YOUR ASSIGNMENT
Within the lines below, the span from the line with "ينص المرسوم على" to the line with "이렇게 해서 그냥 사용을", both ends included, is to be reproduced exactly, with pictures omitted.

EXERCISE DATA
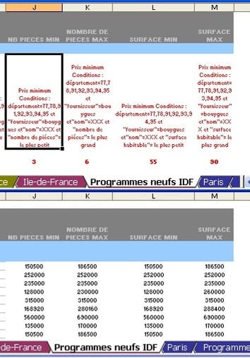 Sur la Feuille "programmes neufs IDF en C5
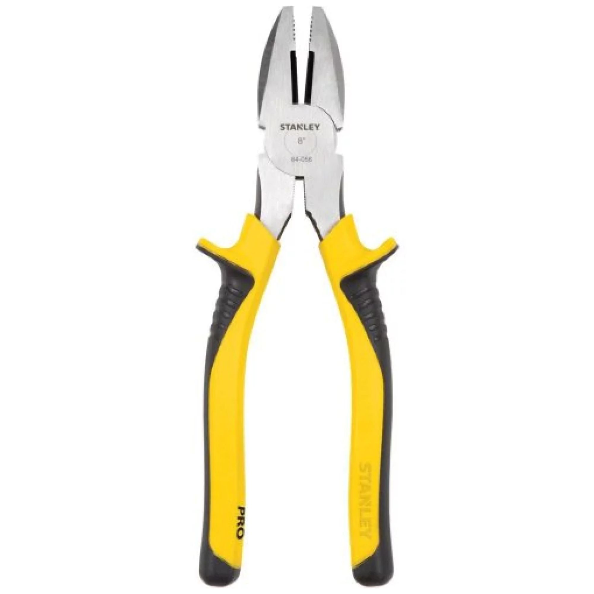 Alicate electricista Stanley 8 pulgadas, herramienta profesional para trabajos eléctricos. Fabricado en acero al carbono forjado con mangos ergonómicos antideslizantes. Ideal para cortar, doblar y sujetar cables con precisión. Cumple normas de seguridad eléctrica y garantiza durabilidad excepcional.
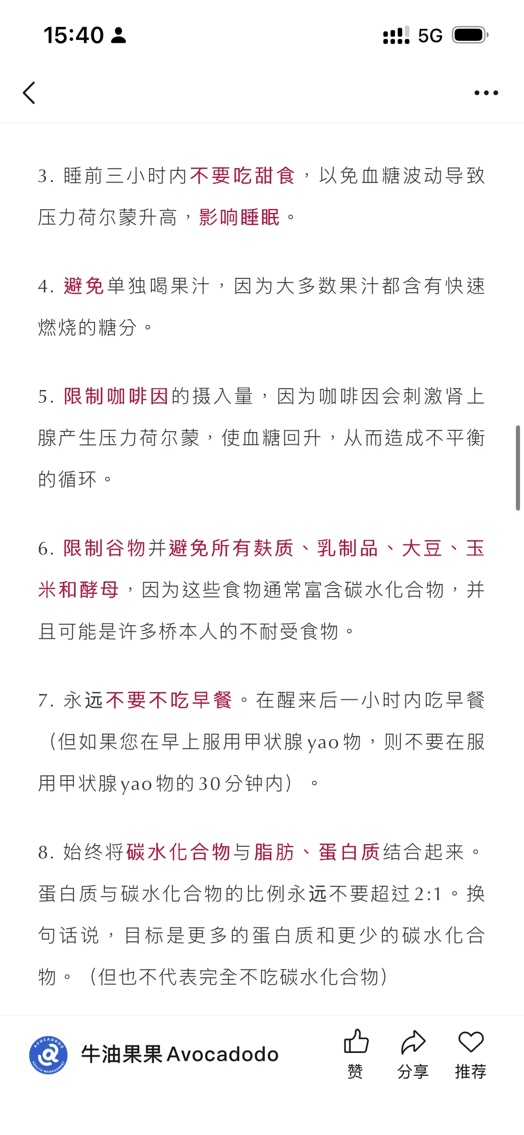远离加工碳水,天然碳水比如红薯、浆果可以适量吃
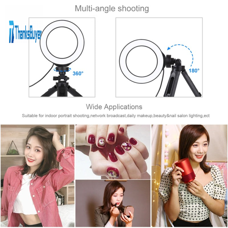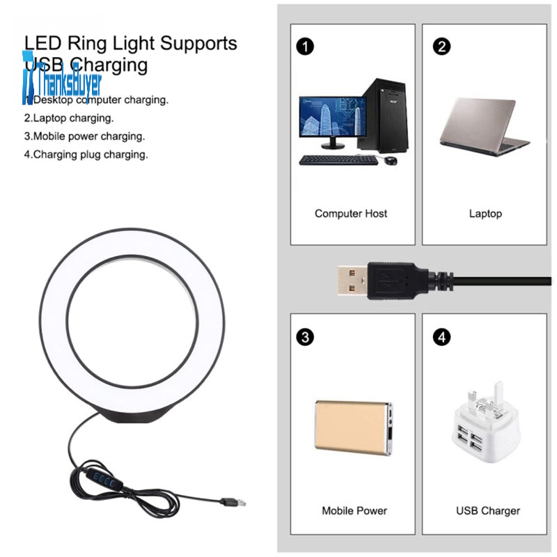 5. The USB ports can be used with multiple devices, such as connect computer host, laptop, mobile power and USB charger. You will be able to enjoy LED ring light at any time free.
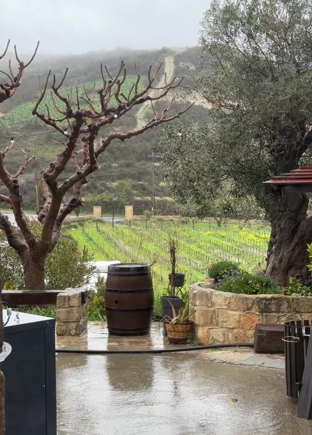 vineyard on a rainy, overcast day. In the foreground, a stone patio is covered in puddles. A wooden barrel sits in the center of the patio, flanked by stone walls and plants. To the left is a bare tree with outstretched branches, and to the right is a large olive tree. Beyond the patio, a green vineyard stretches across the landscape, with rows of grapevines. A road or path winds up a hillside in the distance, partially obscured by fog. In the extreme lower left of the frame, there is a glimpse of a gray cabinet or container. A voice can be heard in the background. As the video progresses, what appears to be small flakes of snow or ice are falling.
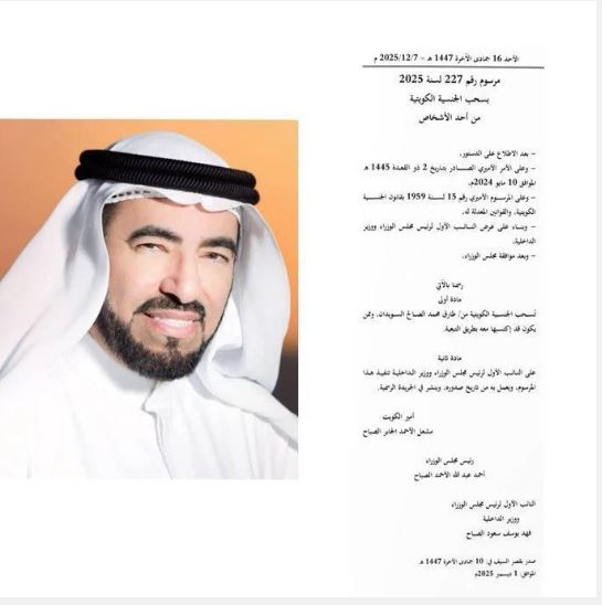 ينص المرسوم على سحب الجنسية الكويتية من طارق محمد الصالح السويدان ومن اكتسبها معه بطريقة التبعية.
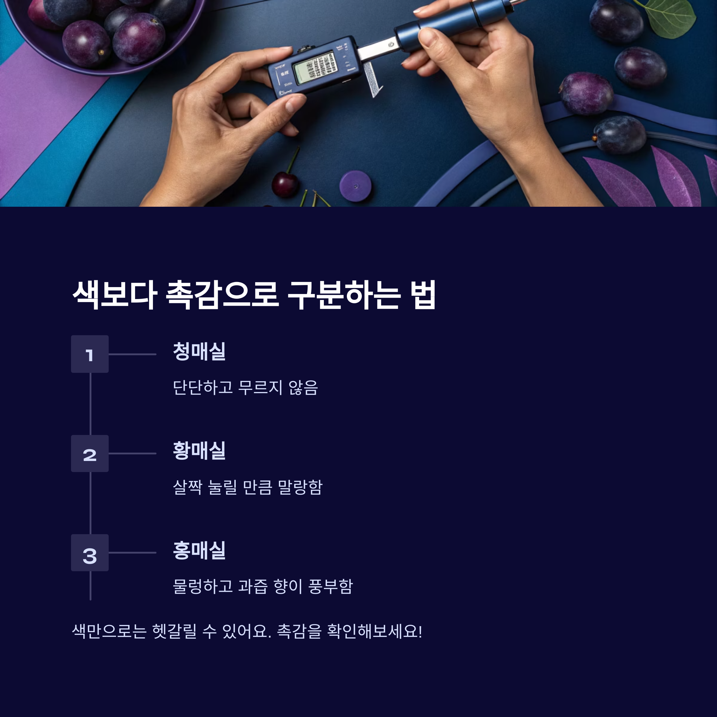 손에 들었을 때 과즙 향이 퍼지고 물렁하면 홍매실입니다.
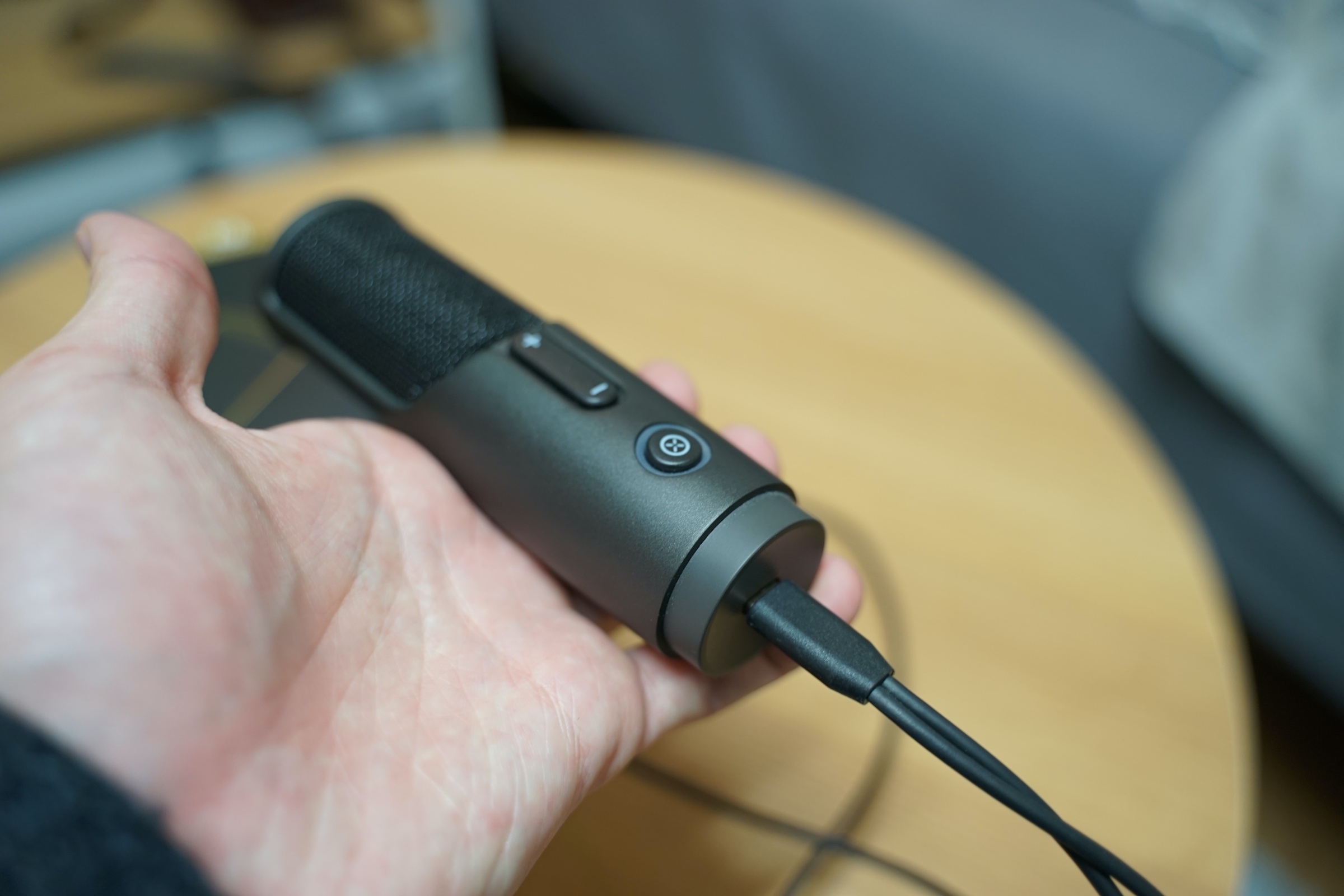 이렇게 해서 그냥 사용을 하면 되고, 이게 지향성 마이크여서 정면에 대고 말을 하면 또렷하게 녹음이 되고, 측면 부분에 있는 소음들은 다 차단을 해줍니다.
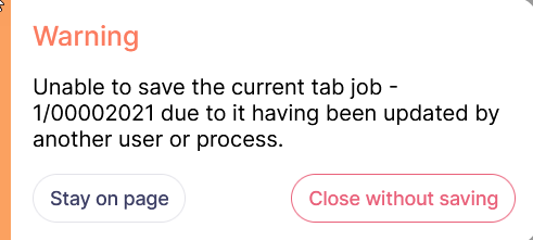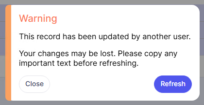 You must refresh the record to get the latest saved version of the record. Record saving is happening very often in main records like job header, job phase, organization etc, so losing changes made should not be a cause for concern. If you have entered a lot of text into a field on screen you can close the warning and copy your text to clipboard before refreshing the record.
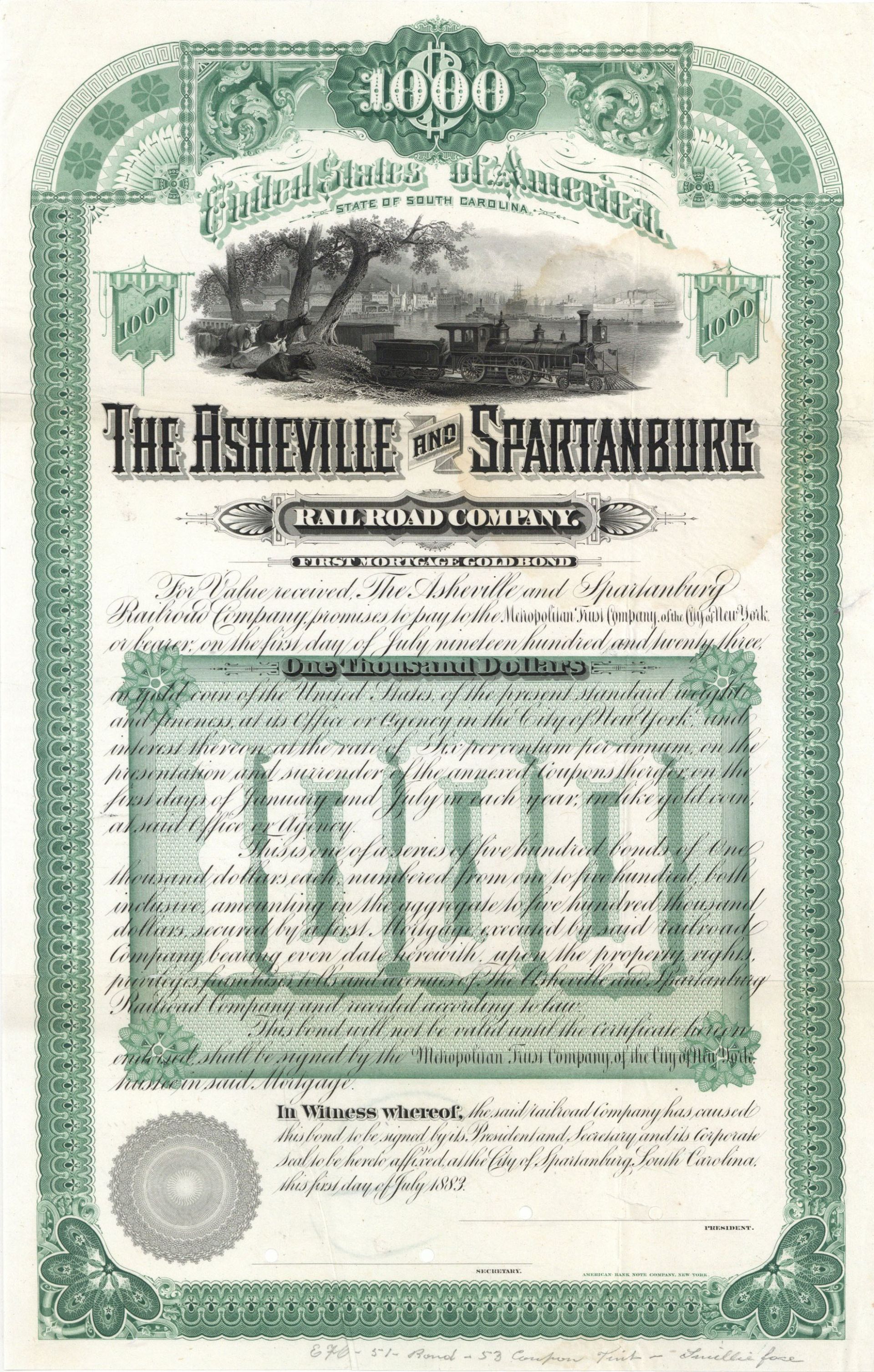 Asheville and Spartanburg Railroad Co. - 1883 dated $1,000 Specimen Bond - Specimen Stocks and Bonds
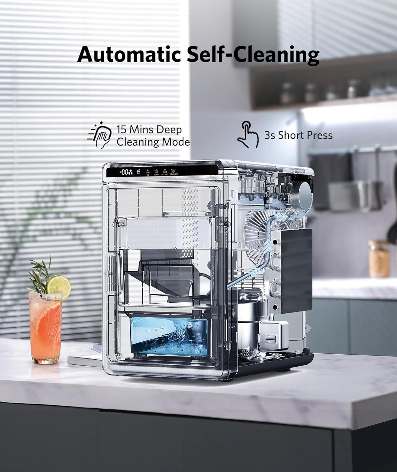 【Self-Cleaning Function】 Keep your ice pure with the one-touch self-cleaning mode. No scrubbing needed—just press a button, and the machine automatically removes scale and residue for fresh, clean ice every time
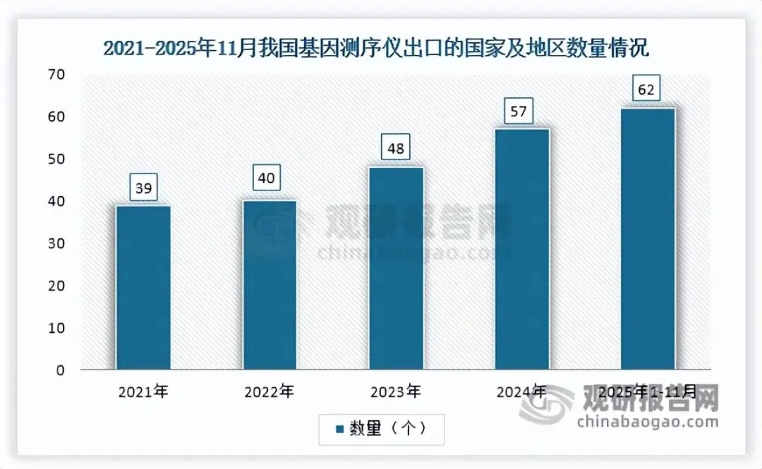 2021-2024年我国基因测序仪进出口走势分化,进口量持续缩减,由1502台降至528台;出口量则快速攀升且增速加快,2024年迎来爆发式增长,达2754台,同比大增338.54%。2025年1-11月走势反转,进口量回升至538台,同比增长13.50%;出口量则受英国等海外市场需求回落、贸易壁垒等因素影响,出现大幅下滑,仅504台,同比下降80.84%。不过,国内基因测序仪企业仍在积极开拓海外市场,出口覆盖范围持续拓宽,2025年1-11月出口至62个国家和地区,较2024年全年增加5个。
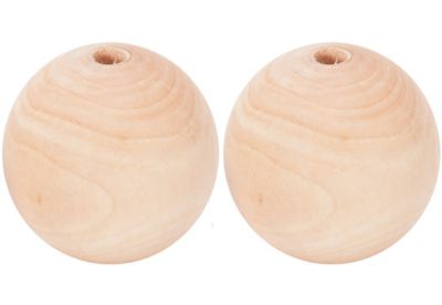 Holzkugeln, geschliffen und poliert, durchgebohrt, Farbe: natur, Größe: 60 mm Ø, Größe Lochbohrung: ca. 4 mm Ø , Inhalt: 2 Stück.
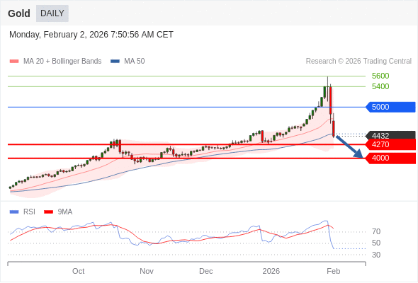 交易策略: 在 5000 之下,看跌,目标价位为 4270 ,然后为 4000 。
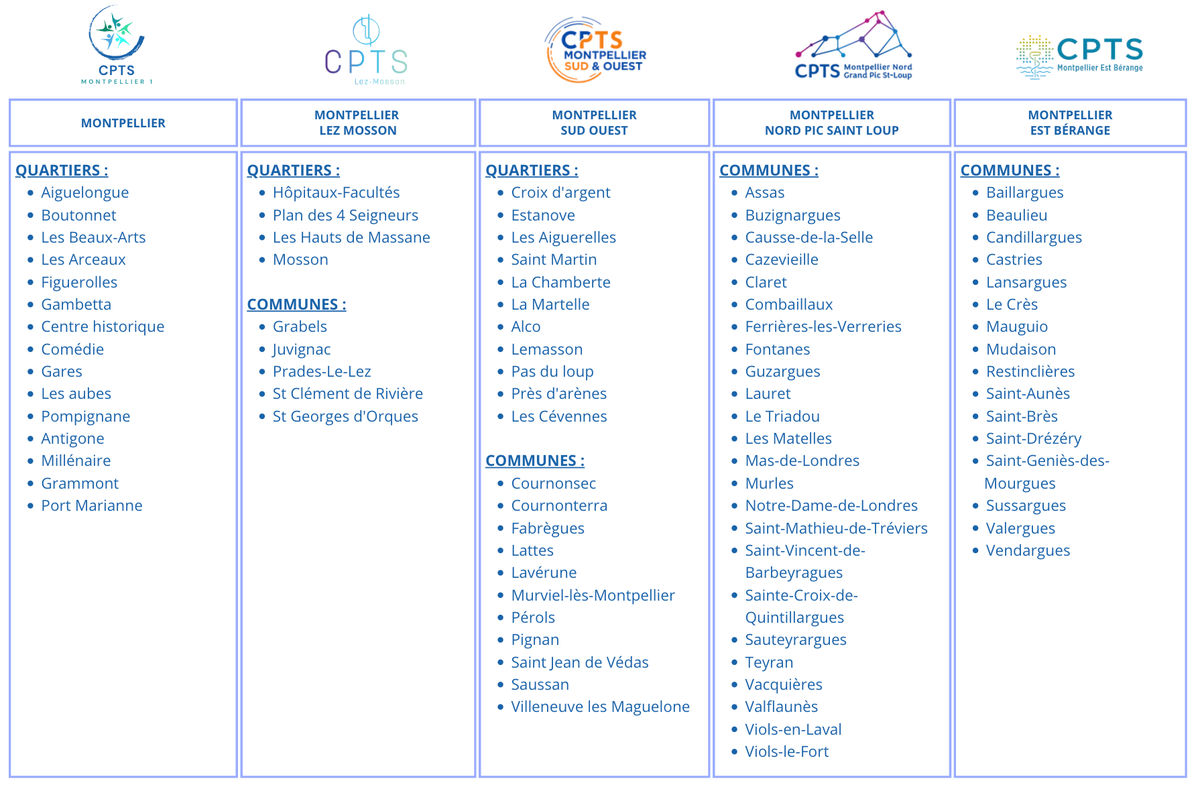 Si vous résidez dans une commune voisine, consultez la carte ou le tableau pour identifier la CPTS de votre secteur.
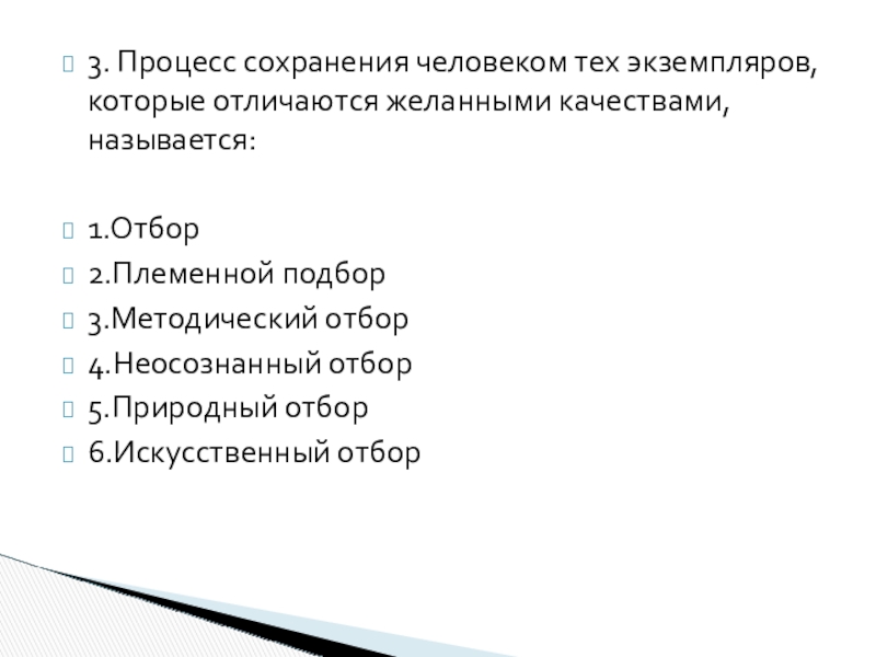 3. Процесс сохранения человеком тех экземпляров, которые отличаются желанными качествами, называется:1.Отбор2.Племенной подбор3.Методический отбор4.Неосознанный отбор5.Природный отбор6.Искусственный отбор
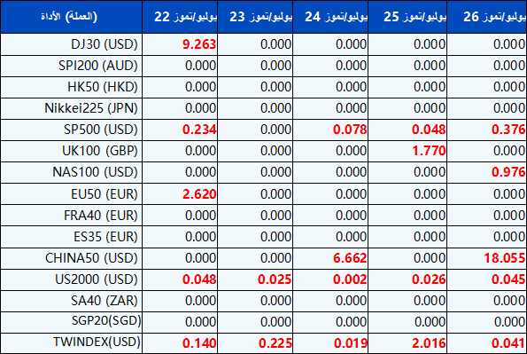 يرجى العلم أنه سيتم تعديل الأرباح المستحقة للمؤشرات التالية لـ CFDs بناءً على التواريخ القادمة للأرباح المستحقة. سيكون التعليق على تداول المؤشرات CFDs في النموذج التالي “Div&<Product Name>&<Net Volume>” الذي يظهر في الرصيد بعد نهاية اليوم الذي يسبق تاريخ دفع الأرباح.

OUTPUT OF THE EXERCISE
 ينص المرسوم على سحب الجنسية الكويتية من طارق محمد الصالح السويدان ومن اكتسبها معه بطريقة التبعية.
 손에 들었을 때 과즙 향이 퍼지고 물렁하면 홍매실입니다.
 이렇게 해서 그냥 사용을 하면 되고, 이게 지향성 마이크여서 정면에 대고 말을 하면 또렷하게 녹음이 되고, 측면 부분에 있는 소음들은 다 차단을 해줍니다.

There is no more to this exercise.